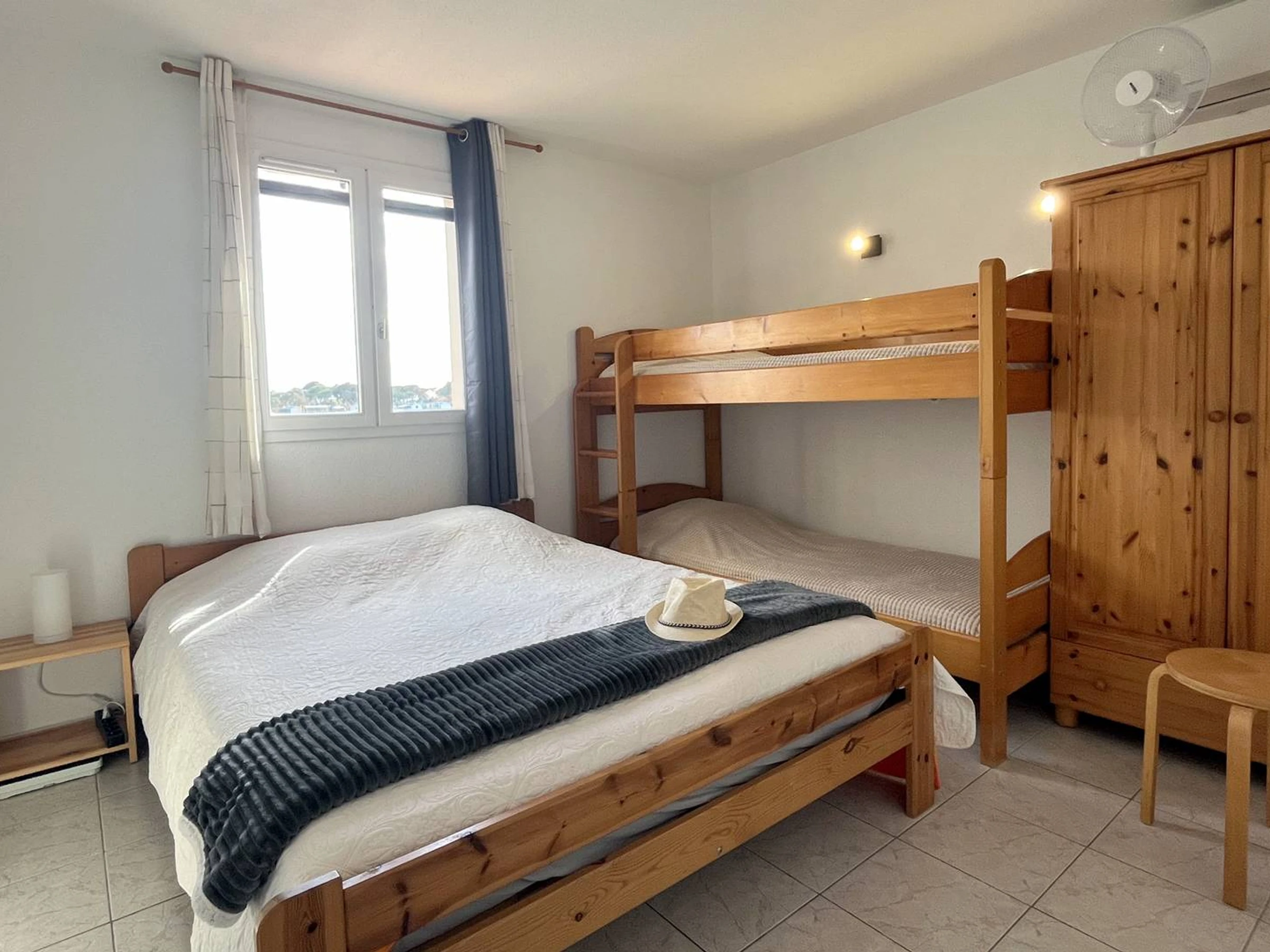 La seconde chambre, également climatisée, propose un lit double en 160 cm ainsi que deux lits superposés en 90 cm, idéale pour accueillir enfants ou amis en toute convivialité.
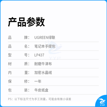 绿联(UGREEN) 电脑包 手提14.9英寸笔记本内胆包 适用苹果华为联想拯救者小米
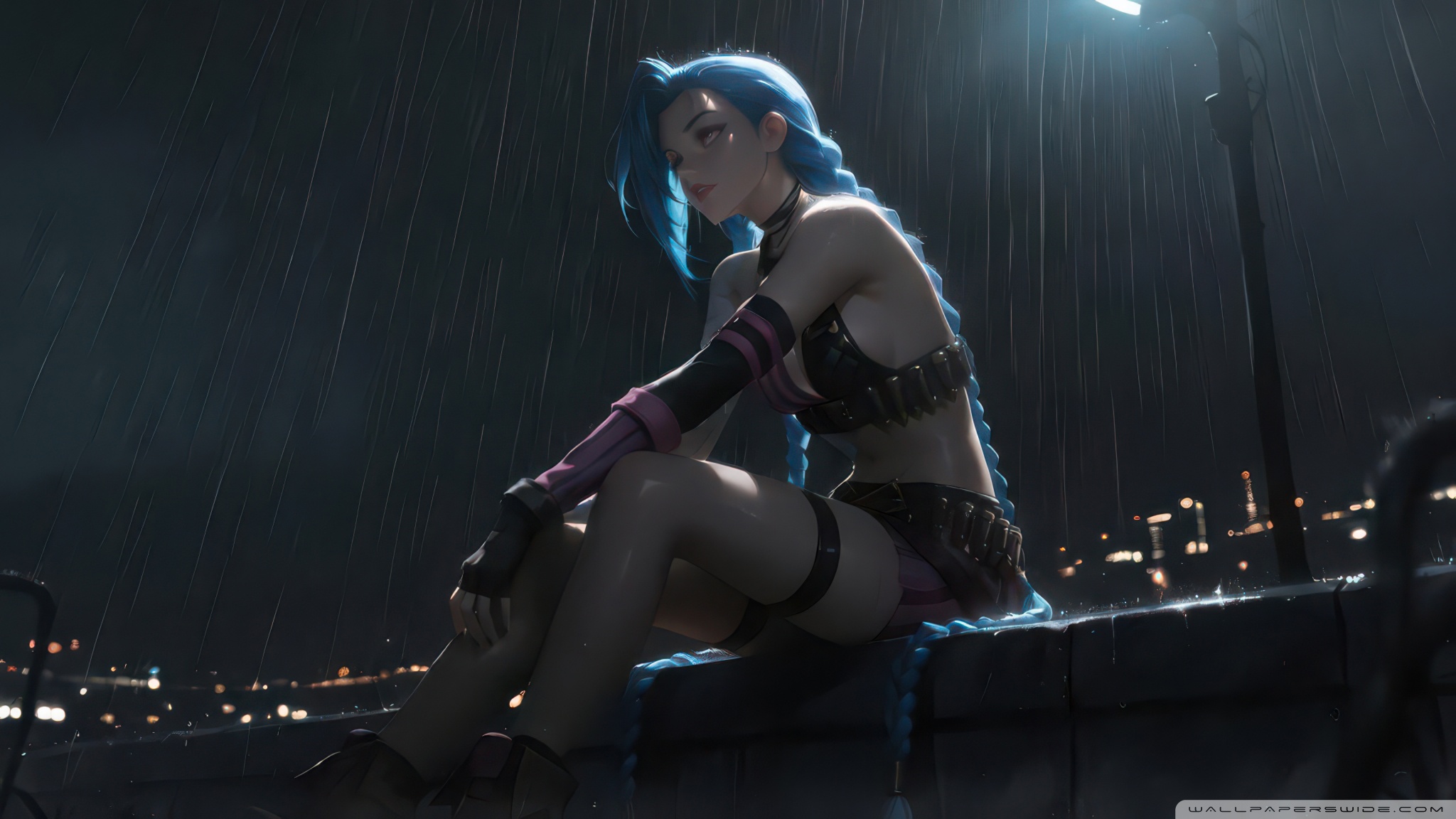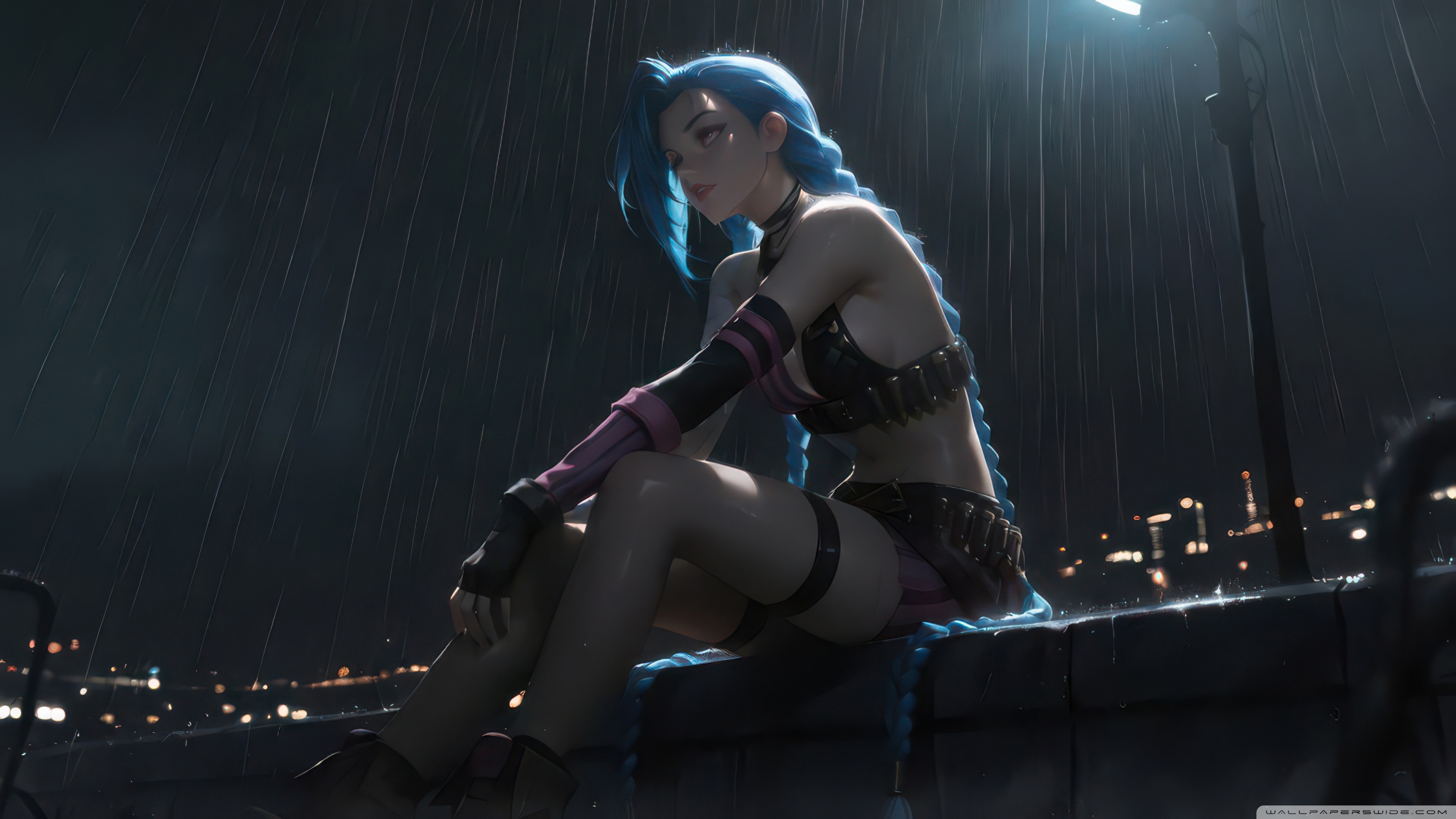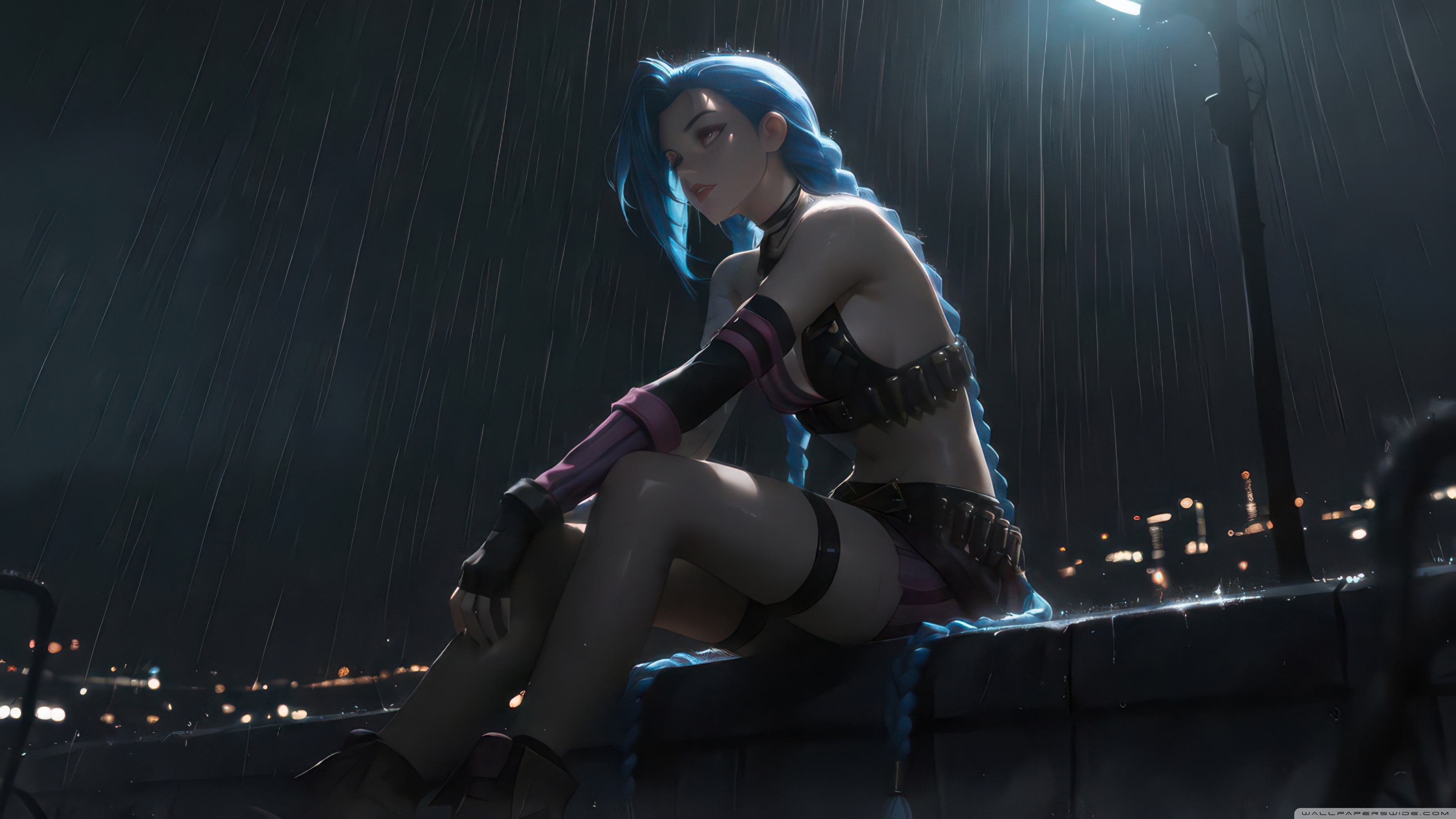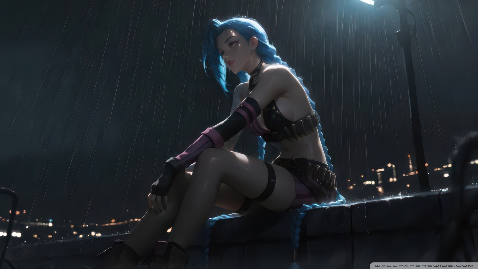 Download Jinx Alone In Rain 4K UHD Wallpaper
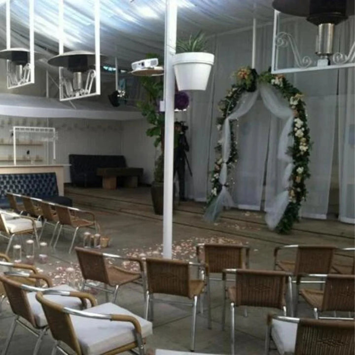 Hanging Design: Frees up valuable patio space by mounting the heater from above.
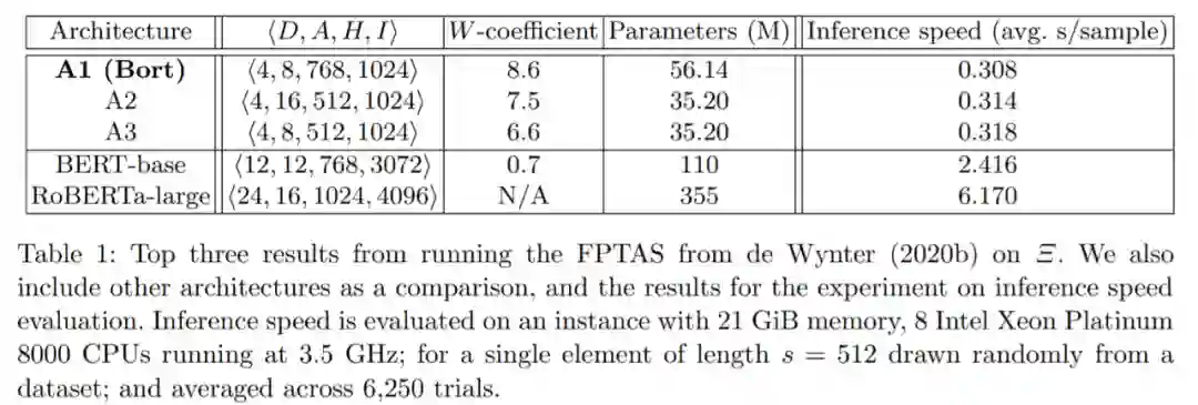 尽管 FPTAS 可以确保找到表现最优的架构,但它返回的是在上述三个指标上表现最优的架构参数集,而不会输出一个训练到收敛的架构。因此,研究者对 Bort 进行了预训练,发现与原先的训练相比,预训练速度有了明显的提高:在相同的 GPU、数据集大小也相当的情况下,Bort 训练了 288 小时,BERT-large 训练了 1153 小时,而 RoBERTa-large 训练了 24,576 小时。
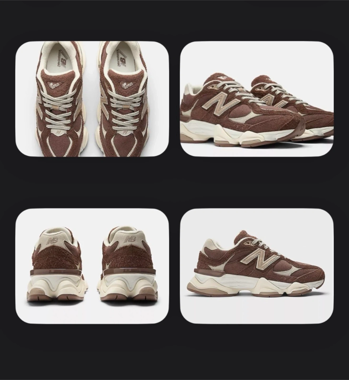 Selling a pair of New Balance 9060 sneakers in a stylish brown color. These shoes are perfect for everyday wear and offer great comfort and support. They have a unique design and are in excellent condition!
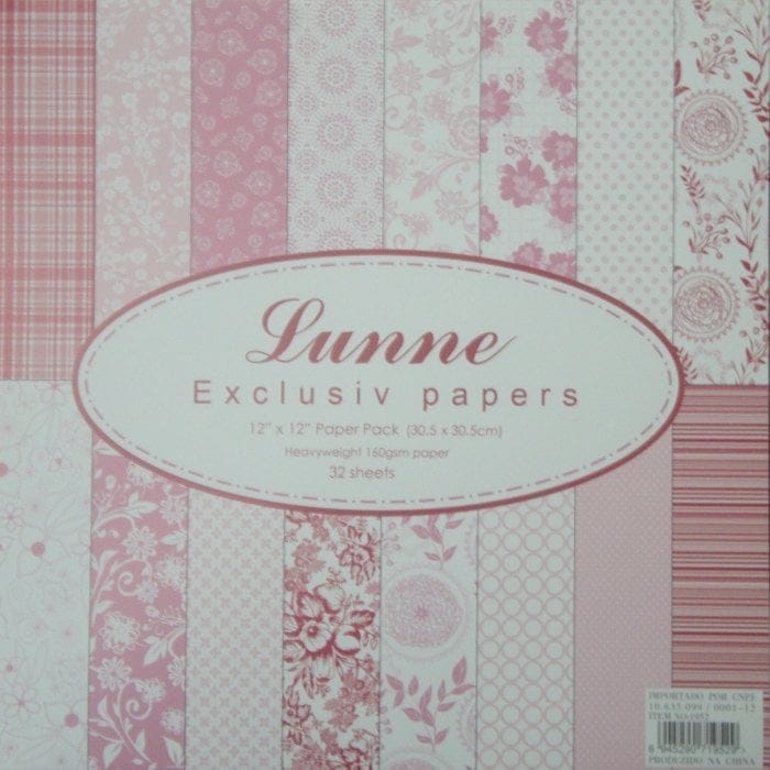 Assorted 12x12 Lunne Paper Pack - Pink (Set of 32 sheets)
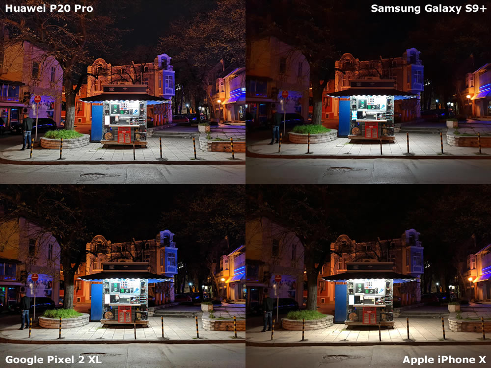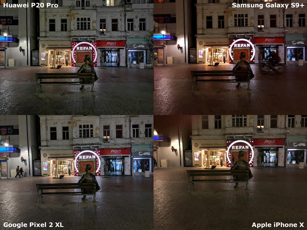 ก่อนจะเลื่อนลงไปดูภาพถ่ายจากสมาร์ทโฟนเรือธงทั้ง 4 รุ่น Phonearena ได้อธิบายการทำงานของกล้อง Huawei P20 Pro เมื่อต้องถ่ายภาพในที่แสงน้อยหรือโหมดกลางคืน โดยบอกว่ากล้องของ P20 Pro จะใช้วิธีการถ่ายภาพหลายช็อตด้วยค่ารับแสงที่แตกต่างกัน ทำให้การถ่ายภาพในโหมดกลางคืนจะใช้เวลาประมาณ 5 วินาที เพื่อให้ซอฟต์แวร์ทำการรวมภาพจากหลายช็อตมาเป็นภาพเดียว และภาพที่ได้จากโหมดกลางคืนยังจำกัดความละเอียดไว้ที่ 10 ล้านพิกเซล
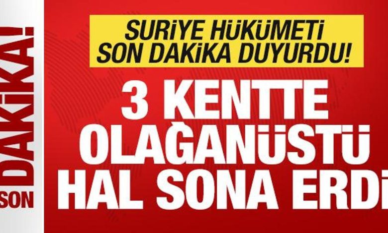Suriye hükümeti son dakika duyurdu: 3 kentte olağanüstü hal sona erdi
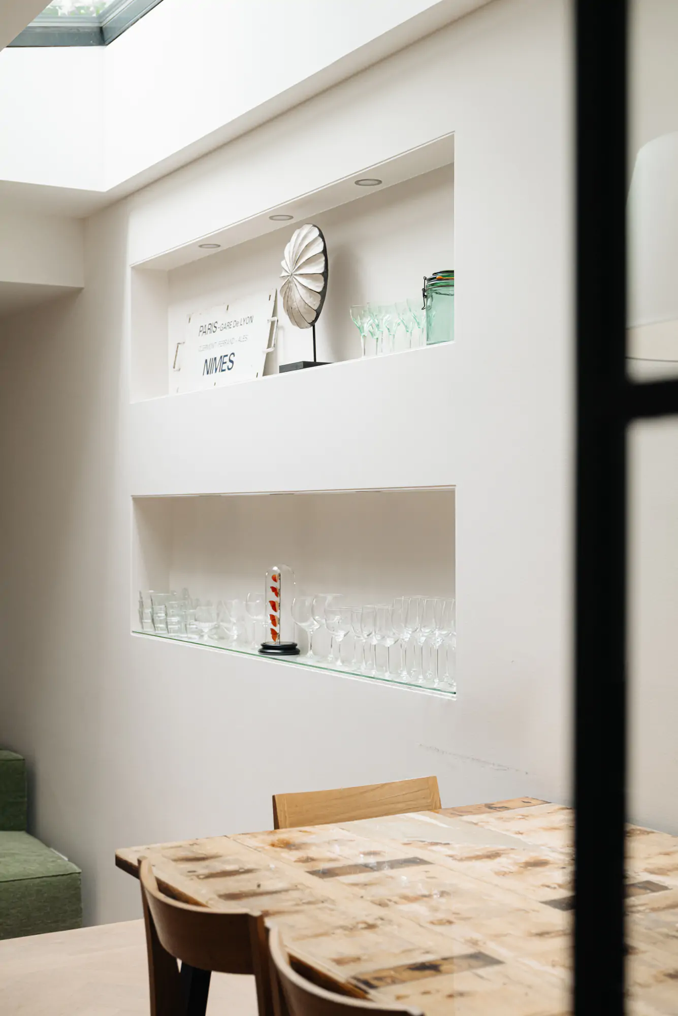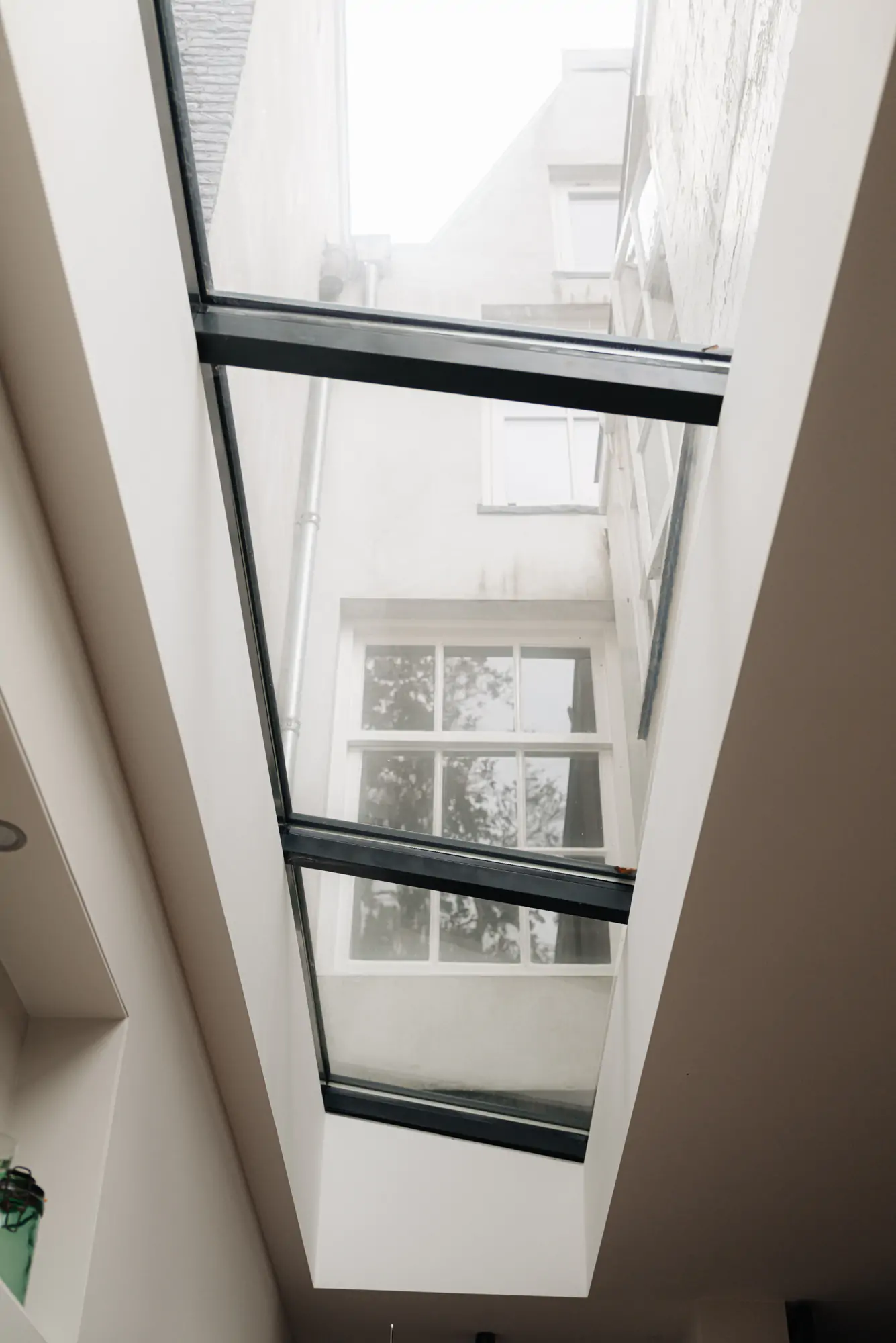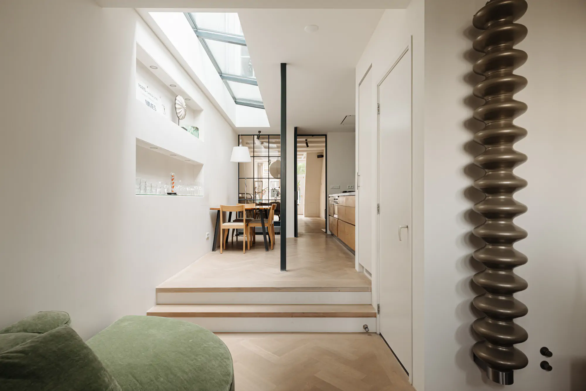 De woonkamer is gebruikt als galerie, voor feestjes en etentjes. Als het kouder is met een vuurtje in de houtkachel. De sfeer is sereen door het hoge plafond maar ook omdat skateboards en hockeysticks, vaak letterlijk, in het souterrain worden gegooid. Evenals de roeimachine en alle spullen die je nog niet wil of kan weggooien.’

PROBLEM STATEMENT - Reproduce the material above exactly but drop all images.

COMPLETED EXERCISE -
 La seconde chambre, également climatisée, propose un lit double en 160 cm ainsi que deux lits superposés en 90 cm, idéale pour accueillir enfants ou amis en toute convivialité.
 绿联(UGREEN) 电脑包 手提14.9英寸笔记本内胆包 适用苹果华为联想拯救者小米
 Download Jinx Alone In Rain 4K UHD Wallpaper
 Hanging Design: Frees up valuable patio space by mounting the heater from above.
 尽管 FPTAS 可以确保找到表现最优的架构,但它返回的是在上述三个指标上表现最优的架构参数集,而不会输出一个训练到收敛的架构。因此,研究者对 Bort 进行了预训练,发现与原先的训练相比,预训练速度有了明显的提高:在相同的 GPU、数据集大小也相当的情况下,Bort 训练了 288 小时,BERT-large 训练了 1153 小时,而 RoBERTa-large 训练了 24,576 小时。
 Selling a pair of New Balance 9060 sneakers in a stylish brown color. These shoes are perfect for everyday wear and offer great comfort and support. They have a unique design and are in excellent condition!
 Assorted 12x12 Lunne Paper Pack - Pink (Set of 32 sheets)
 ก่อนจะเลื่อนลงไปดูภาพถ่ายจากสมาร์ทโฟนเรือธงทั้ง 4 รุ่น Phonearena ได้อธิบายการทำงานของกล้อง Huawei P20 Pro เมื่อต้องถ่ายภาพในที่แสงน้อยหรือโหมดกลางคืน โดยบอกว่ากล้องของ P20 Pro จะใช้วิธีการถ่ายภาพหลายช็อตด้วยค่ารับแสงที่แตกต่างกัน ทำให้การถ่ายภาพในโหมดกลางคืนจะใช้เวลาประมาณ 5 วินาที เพื่อให้ซอฟต์แวร์ทำการรวมภาพจากหลายช็อตมาเป็นภาพเดียว และภาพที่ได้จากโหมดกลางคืนยังจำกัดความละเอียดไว้ที่ 10 ล้านพิกเซล
Suriye hükümeti son dakika duyurdu: 3 kentte olağanüstü hal sona erdi
 De woonkamer is gebruikt als galerie, voor feestjes en etentjes. Als het kouder is met een vuurtje in de houtkachel. De sfeer is sereen door het hoge plafond maar ook omdat skateboards en hockeysticks, vaak letterlijk, in het souterrain worden gegooid. Evenals de roeimachine en alle spullen die je nog niet wil of kan weggooien.’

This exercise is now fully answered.